Levantó la mirada y se encontró con el reflejo de su rostro: tenía las mejillas coloradas, una gota de sudor le corría por la frente y tenía una boba sonrisa en los labios. El vidrio frente a ella se empañaba más a cada respiración. Rio espontáneamente y una bocanada volvió borrosa la imagen frente a ella. ¡Por dios, que calor hacía! Giró sobre los talones y apoyó el trasero en la mesita metálica. Se llevó una mano al pecho. El corazón le iba a mil por segundo. “Pronto podrá sentirlo” pensó y la idea hizo que se pusiera como tomate. Sin volverse, tomó el móvil de la mesita: dos palomitas grises. ¡puta madre! Puso el móvil en la mesita y se paseó de un lado al otro frente a ella. Miró en todas direcciones. ¡Bien! Allí estaba todo lo que necesitaban: estetoscopio, tensiómetro, pulsioxímetro, electrodos y (tentador pero peligroso) desfibrilador. Pensó por un momento si alguna vez habían utilizado el desfibrilador en una alumna dentro de la institución. Aquello la excitó. Se sujetó la cabeza con las manos, tiró de su cabello y giró sobre sí misma. Desabrochó los botones del suéter escolar, lo lanzó a una esquina y aflojó la corbata. Puso un dedo sobre el esternón y lo deslizó hacia abajo. Podía sentir el borde de su camiseta interior por arriba de los pechos. Ahora lo hizo sobre los hombros siguiendo el relieve que formaban los tirantes de su camiseta.

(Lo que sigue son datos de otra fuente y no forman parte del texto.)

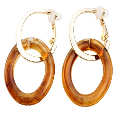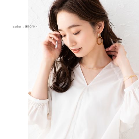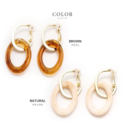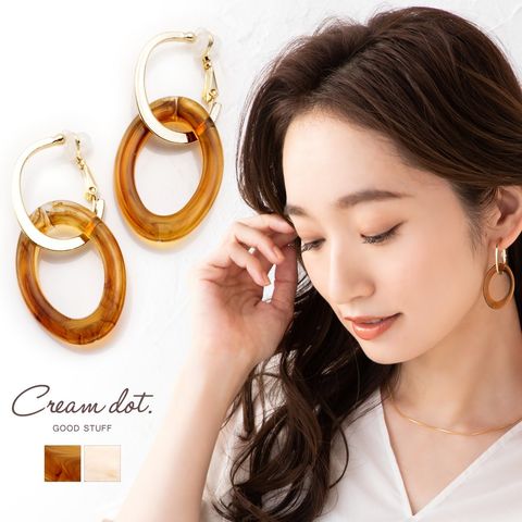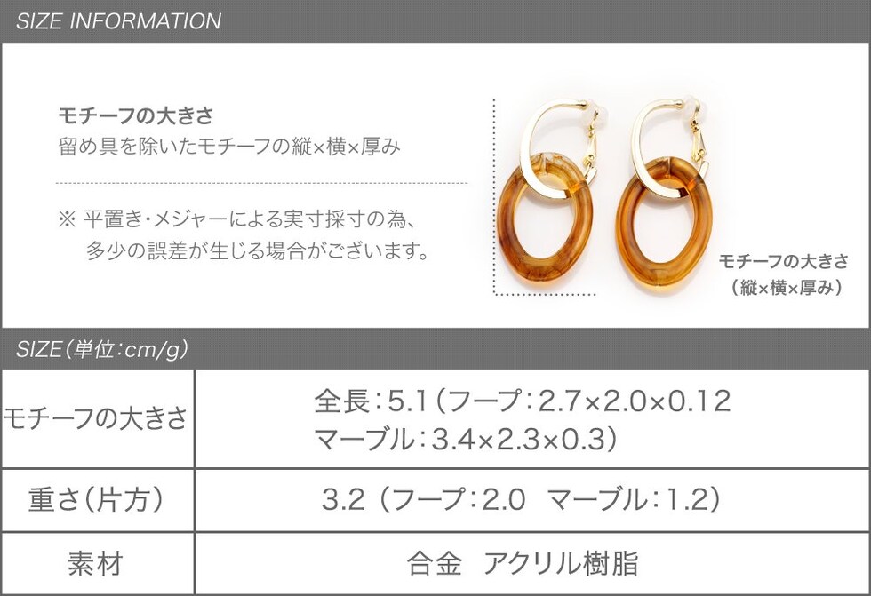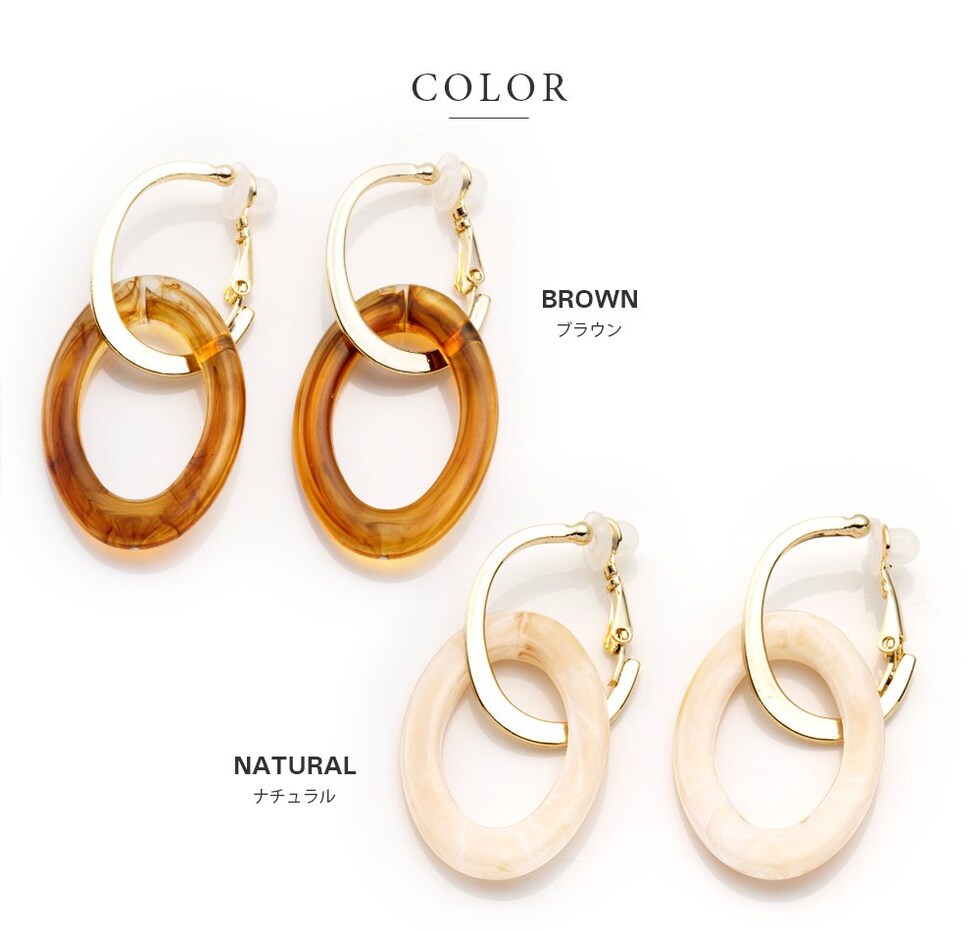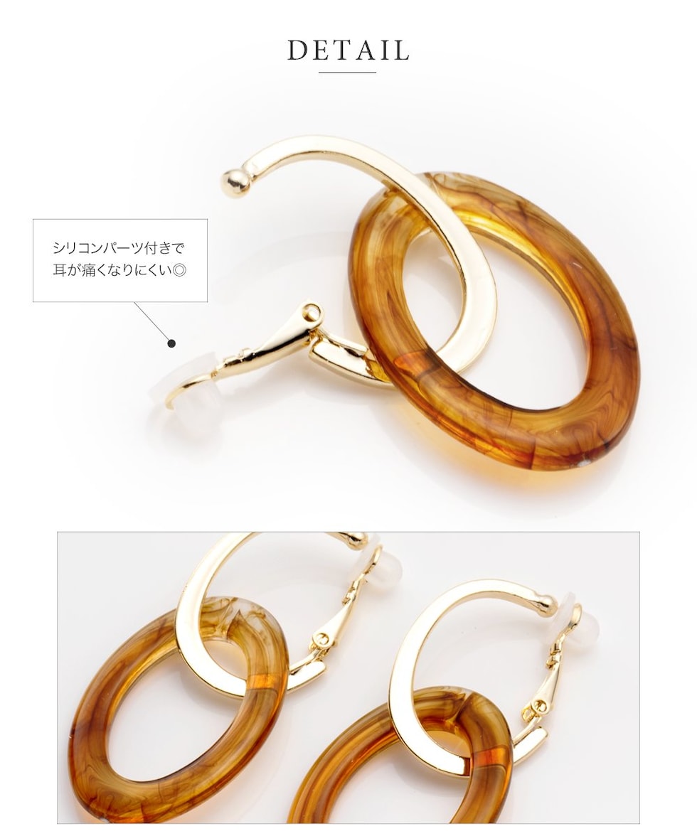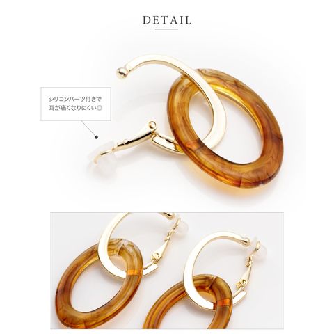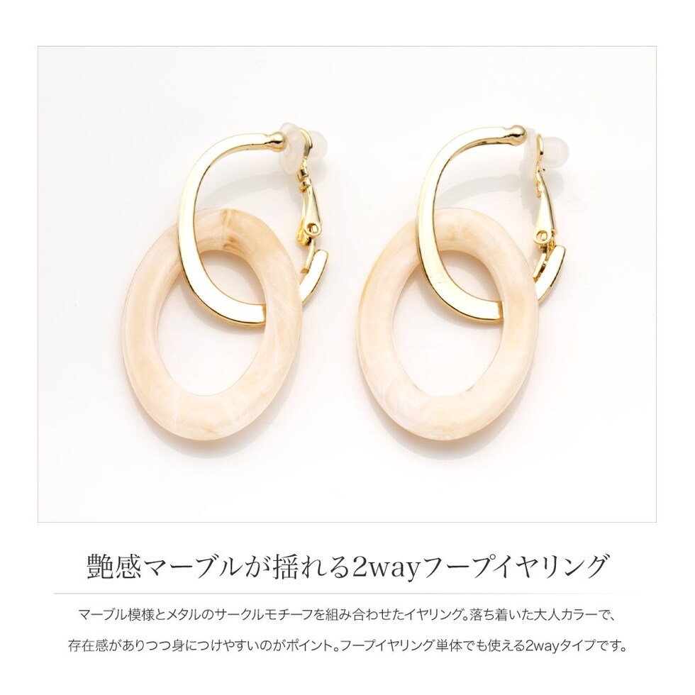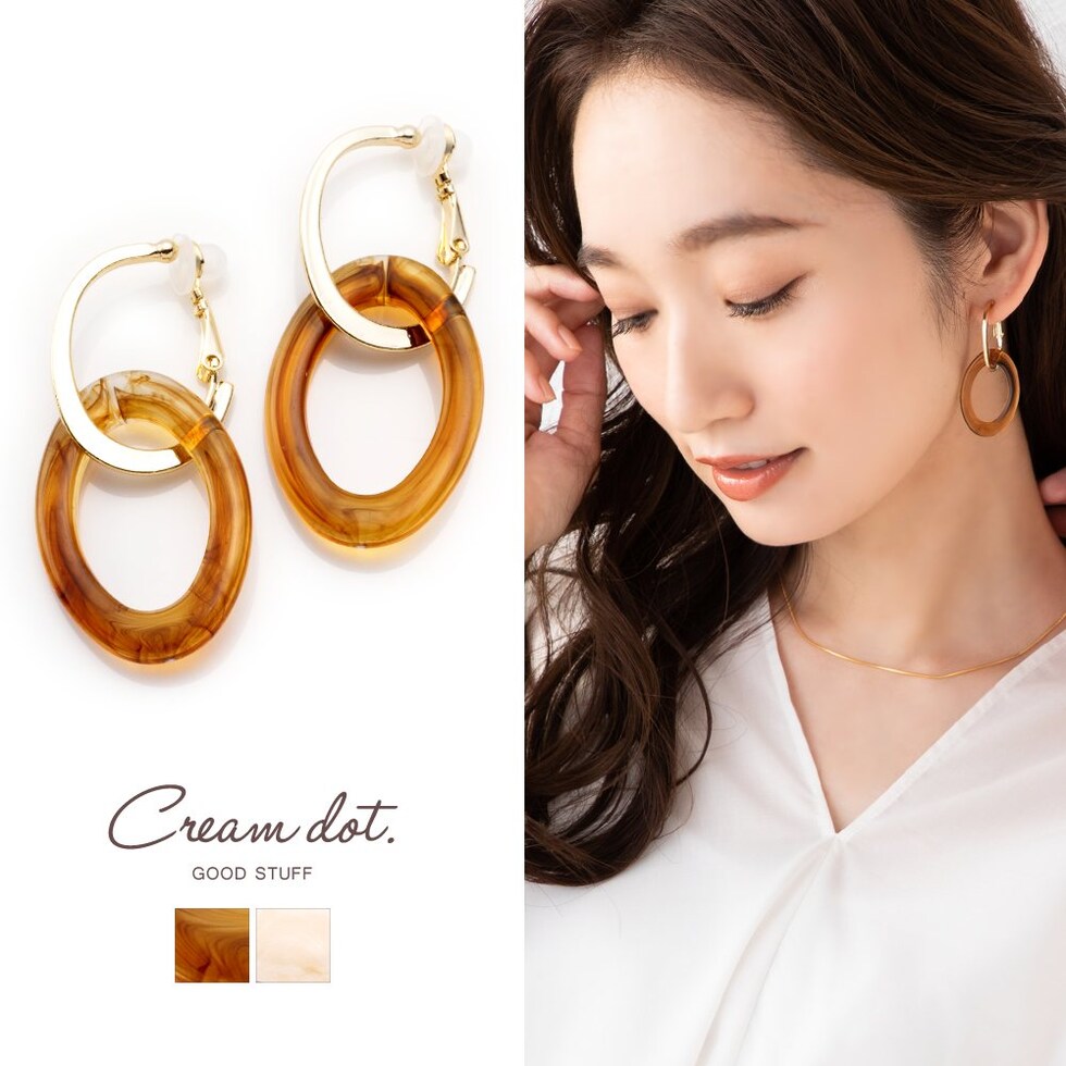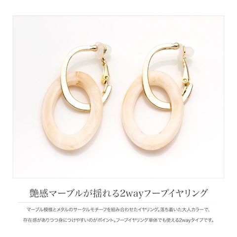 イヤリング レディース フープ 2way 取り外し可能 大ぶり マーブル 揺れる シリコンカバー クリップ式 ナチュラル cream dot ゆうパケット [ブラウン_イヤリング]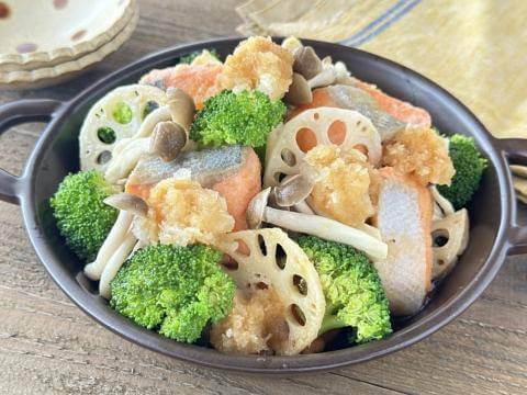 秋さけとれんこんに大根おろし、そして「ヤマサ昆布ぽん酢」をかけて、旨味がありながらさっぱりとした後味。フライパンひとつで魚も野菜もたっぷり食べられるうれしい一皿です。

—¡A ella le encantan! —susurró para sí misma.
Se quitó la corbata y desabrochó cuatro botones. ¡La camiseta ahora era visible! “Pero tal vez ella querría descubrirla”. Lo meditó por un segundo y volvió a poner todo en su lugar. Se dirigió hacia la mesita y tomó el móvil. Las palomitas seguían sin ser azules ¡diez minutos! ¿Cómo podía tardar tanto? Lo apagó y apoyó la frente contra el espejo resignada a que nunca llegaría.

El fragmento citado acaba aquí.